Personal information
- Full name: William Henry Morgan
- Date of birth: 1878
- Place of birth: Barrow in Furness, England
- Date of death: 1939 (aged 60–61)
- Place of death: Manchester, England
- Height: 5 ft 10 in (1.78 m)
- Position: Half back

Senior career*
- Years: Team / Apps / (Gls)
- Horwich
- 1897–1903: Newton Heath / 143 / (6)
- 1903: Bolton Wanderers / 3 / (0)
- Watford
- 1904–1906: Leicester Fosse / 66 / (9)
- New Brompton
- Newton Heath Athletic
- 1910-1911: Ton Pentre F.C.

= Billy Morgan (footballer, born 1878) =

English footballer

William Henry Morgan (1878–1939) was an English footballer who played as a half back.

Born in Barrow in Furness, Lancashire, the son of John Morgan and Mary (Lewis), he began his football career with Horwich F.C. In January 1897, he was sold to Newton Heath, making his debut appearance against Darwen on 2 March 1897. He was one of the team during the first season after Newton Heath became Manchester United. During his time with the club, he made 152 appearances (all in Division 2) and scored seven goals (six in Division 2 games, one in an FA Cup match).

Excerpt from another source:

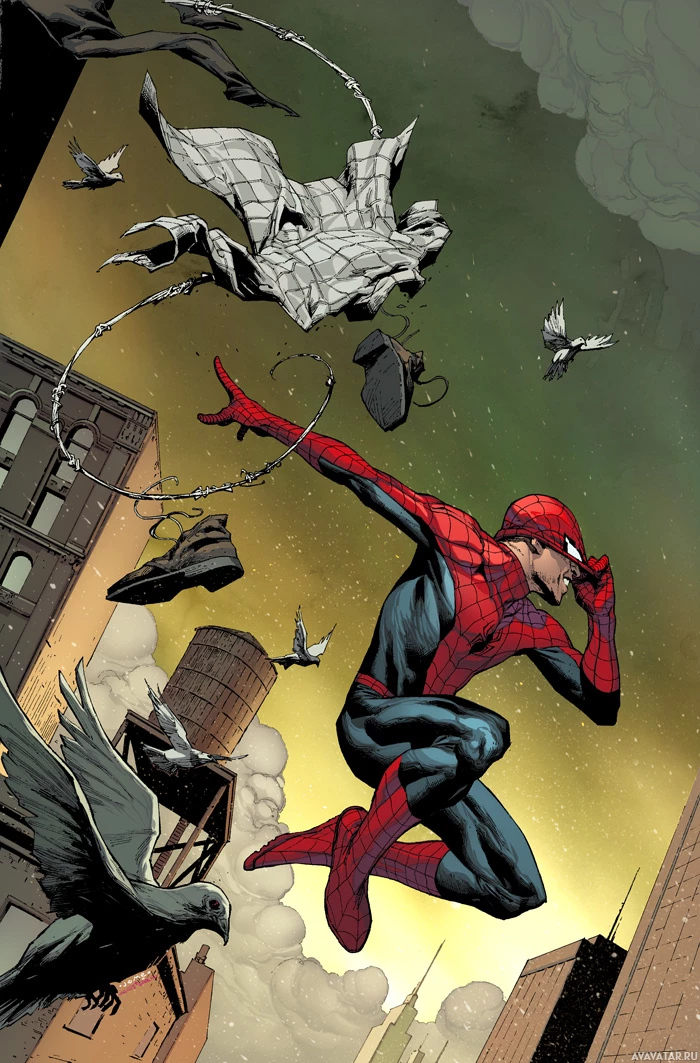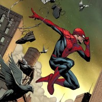 The image features a comic book illustration of Spider-

He transferred to join Bolton Wanderers in March 1903 and went on to play for Watford, Leicester Fosse, New Brompton and Newton Heath Athletic. On 22 Oct 1910 he made his debut for Ton Pentre F.C. in South Wales and is featured in a number of newspaper articles. It appears he played for one season.

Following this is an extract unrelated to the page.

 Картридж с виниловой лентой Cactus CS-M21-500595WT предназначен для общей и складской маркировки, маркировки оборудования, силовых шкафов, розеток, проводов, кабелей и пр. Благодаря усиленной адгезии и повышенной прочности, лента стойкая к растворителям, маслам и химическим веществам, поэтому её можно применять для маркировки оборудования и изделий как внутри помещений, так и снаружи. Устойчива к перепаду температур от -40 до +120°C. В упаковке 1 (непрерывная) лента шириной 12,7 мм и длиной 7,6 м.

By the time he joined up for the First World War (being assigned to the 20th Service Battalion, Manchester Regiment), Morgan was working as a cleaner but the fact that he still enjoyed his football is clear from the notes in his army pension records when he was discharged in February 1915 as being "[unlikely] to become an efficient soldier". The reason given was that he had "an old football injury [and had been injured] once again last Saturday the 28th (February) playing football."

Morgan married Mary Alice Barnett in 1900 and the couple had two sons and a daughter, all born in Newton Heath, Manchester. He died in Manchester on 5 June 1939, at the age of 61. His wife died in 1954 aged 77 years.